Sameer Khan

Posted on Apr 22 • Originally published at monkfrom.earth

Google TPU 8 vs Nvidia: 8t and 8i Specs Explained

#ai #infrastructure #google #nvidia

TL;DR: AI is splitting into two economies: training and inference. Training is a handful of hyperscalers spending tens of billions on clusters that run for weeks. Inference is where every app, every agent, and every dollar of revenue actually lives. Google's TPU 8 is the first chip generation to treat that split as the default. It ships as two chips, an 8t for training and an 8i for inference. The 121 ExaFlops number is the headline. The split is the story. The economies that grow from it are the stakes.

Why did Google split the TPU 8 into 8t and 8i?

Every prior TPU generation has been one chip. So is every Nvidia GPU people argue about. One die, one package, one SKU, rented to you for both the weeks-long training run and the millisecond inference call.
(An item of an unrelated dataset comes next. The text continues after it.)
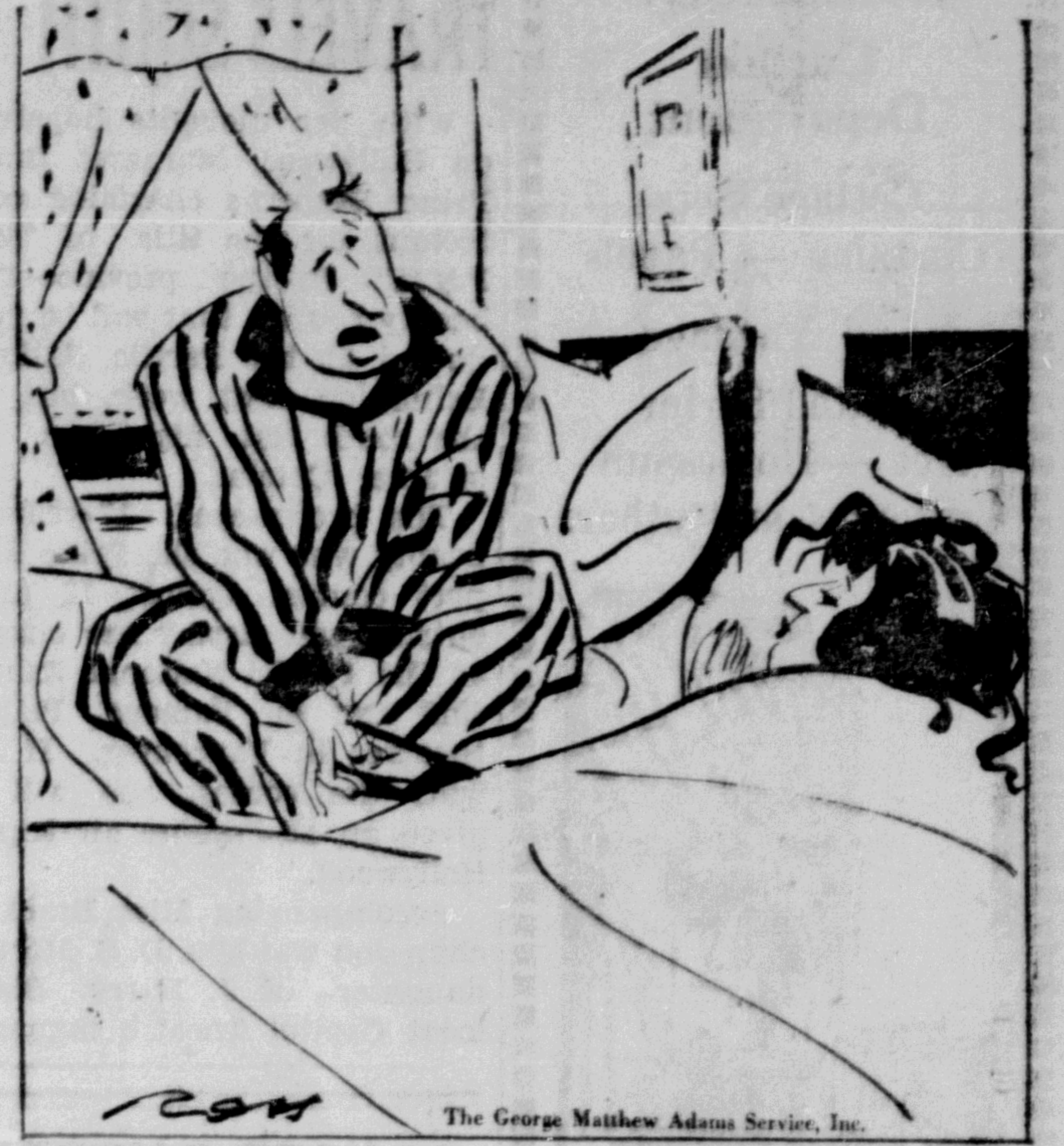
The George Matthew Adams Service, Inc.

"I'm going to raid the ice-box. I got hungry counting sheep!"

Google's TPU 8 broke that pattern. The 8t is a training chip: 9,600 of them wired into a single superpod, 121 ExaFlops of compute, 2 petabytes of shared high-bandwidth memory, roughly 3x the pod-level compute of Ironwood. ¹ The 8i is an inference chip: 288 GB of HBM per chip, 384 MB of on-chip SRAM (3x the previous generation), 19.2 Tb/s of interconnect. ¹

Those are not two SKUs of the same silicon. Those are two different design targets.

Training wants bandwidth. 9,600 chips have to exchange gradients every step, and the whole run stalls on the slowest link. That is why 8t doubles the interchip bandwidth and Google brags about 97% goodput, which is their way of saying the accelerators are actually computing instead of waiting on the network. ¹

Inference wants memory. A single chip answers a user query in milliseconds, and the bottleneck is how much of the model and the running context fit in HBM without spilling. That is why 8i has 288 GB per chip and 3x the on-chip SRAM. Nothing about that helps training. Everything about it helps agents.

What does the TPU 8i signal about inference workloads?

There is a reason Google framed the 8i around what it calls the "agentic era." An agent is not a one-shot inference call. It is a loop: plan, call a tool, read the result, plan again, call another tool. Sometimes dozens of steps, sometimes hundreds. The model weights stay loaded. The KV cache keeps growing. Memory is not a nice-to-have. Memory is the budget.

288 GB per chip is not a round number. It is the number you pick when you have watched agents thrash HBM and decided to stop pretending 80 GB is enough. ¹

The performance-per-dollar claim is the tell. Google says 8i is 80% better on that metric than Ironwood and supports roughly 2x customer volume at the same cost. ¹ Nobody talks about dollars-per-token when training is the bottleneck. They talk about dollars-per-token when the bill is dominated by the inference that happens every time someone asks Gemini to do something. Which it now is, for Google and for everyone else.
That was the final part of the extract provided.